[Dataset items]
++++

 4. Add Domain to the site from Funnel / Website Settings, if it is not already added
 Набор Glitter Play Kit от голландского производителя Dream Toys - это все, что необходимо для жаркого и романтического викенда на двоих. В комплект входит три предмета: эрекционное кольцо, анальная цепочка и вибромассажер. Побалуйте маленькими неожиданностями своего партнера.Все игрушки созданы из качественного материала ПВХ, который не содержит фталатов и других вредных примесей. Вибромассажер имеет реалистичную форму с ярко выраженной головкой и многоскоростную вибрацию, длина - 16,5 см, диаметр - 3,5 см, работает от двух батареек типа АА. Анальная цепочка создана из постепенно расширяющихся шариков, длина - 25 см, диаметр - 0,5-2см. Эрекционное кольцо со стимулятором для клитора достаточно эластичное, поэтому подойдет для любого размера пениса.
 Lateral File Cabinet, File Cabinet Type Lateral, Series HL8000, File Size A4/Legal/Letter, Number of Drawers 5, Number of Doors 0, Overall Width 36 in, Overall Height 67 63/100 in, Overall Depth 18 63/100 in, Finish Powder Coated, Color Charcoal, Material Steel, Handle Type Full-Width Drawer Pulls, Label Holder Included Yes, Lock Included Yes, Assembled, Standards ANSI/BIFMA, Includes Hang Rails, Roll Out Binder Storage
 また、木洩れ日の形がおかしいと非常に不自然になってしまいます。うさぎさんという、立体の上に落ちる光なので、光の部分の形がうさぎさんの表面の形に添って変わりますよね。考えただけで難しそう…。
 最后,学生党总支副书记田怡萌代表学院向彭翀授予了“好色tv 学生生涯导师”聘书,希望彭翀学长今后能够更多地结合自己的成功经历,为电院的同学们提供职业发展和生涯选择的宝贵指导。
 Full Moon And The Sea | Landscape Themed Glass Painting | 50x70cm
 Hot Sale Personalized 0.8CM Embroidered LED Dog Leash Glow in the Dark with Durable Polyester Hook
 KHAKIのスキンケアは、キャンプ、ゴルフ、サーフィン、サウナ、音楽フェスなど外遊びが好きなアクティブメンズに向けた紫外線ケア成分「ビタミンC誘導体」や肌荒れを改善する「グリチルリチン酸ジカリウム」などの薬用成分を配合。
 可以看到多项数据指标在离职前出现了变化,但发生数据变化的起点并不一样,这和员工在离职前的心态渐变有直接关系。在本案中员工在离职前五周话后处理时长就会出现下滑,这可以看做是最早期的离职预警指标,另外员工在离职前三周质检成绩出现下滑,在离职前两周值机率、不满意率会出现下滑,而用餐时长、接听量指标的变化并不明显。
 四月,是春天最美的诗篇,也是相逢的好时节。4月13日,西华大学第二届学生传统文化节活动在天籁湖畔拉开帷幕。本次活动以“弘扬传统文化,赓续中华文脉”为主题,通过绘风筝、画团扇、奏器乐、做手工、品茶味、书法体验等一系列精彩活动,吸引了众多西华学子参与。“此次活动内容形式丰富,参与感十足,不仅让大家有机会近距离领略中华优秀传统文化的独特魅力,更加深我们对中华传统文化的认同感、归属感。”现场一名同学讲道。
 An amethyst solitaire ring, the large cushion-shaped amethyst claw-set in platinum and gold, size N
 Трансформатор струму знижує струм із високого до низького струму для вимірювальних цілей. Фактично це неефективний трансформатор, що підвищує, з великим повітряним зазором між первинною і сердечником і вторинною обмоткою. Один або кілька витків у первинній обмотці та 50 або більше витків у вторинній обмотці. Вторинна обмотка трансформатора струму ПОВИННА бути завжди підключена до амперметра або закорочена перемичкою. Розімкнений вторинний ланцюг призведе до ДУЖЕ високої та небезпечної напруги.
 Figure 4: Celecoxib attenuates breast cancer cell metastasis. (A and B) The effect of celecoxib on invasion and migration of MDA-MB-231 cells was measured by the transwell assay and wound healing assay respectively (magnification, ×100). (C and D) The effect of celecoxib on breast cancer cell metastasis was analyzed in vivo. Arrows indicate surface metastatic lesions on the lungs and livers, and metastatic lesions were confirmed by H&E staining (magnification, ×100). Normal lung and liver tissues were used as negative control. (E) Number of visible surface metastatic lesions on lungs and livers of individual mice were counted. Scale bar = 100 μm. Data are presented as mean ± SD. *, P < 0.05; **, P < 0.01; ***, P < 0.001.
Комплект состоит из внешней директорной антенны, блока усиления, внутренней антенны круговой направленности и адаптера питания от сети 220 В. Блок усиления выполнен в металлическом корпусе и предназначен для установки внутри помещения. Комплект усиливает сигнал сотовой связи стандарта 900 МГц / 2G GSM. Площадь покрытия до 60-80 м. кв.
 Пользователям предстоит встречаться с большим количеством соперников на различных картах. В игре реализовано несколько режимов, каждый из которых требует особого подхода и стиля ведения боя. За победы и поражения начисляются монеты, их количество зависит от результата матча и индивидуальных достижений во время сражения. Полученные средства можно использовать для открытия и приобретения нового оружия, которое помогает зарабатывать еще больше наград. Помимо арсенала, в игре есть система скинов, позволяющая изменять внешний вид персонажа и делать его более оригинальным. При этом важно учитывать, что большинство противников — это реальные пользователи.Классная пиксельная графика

++++

# REQUIRED ACTION
Could you output, exactly and with nothing else, the lines from the start of the records through the line containing "Full Moon And"?

# SOLUTION TO THIS PROBLEM
 4. Add Domain to the site from Funnel / Website Settings, if it is not already added
 Набор Glitter Play Kit от голландского производителя Dream Toys - это все, что необходимо для жаркого и романтического викенда на двоих. В комплект входит три предмета: эрекционное кольцо, анальная цепочка и вибромассажер. Побалуйте маленькими неожиданностями своего партнера.Все игрушки созданы из качественного материала ПВХ, который не содержит фталатов и других вредных примесей. Вибромассажер имеет реалистичную форму с ярко выраженной головкой и многоскоростную вибрацию, длина - 16,5 см, диаметр - 3,5 см, работает от двух батареек типа АА. Анальная цепочка создана из постепенно расширяющихся шариков, длина - 25 см, диаметр - 0,5-2см. Эрекционное кольцо со стимулятором для клитора достаточно эластичное, поэтому подойдет для любого размера пениса.
 Lateral File Cabinet, File Cabinet Type Lateral, Series HL8000, File Size A4/Legal/Letter, Number of Drawers 5, Number of Doors 0, Overall Width 36 in, Overall Height 67 63/100 in, Overall Depth 18 63/100 in, Finish Powder Coated, Color Charcoal, Material Steel, Handle Type Full-Width Drawer Pulls, Label Holder Included Yes, Lock Included Yes, Assembled, Standards ANSI/BIFMA, Includes Hang Rails, Roll Out Binder Storage
 また、木洩れ日の形がおかしいと非常に不自然になってしまいます。うさぎさんという、立体の上に落ちる光なので、光の部分の形がうさぎさんの表面の形に添って変わりますよね。考えただけで難しそう…。
 最后,学生党总支副书记田怡萌代表学院向彭翀授予了“好色tv 学生生涯导师”聘书,希望彭翀学长今后能够更多地结合自己的成功经历,为电院的同学们提供职业发展和生涯选择的宝贵指导。
 Full Moon And The Sea | Landscape Themed Glass Painting | 50x70cm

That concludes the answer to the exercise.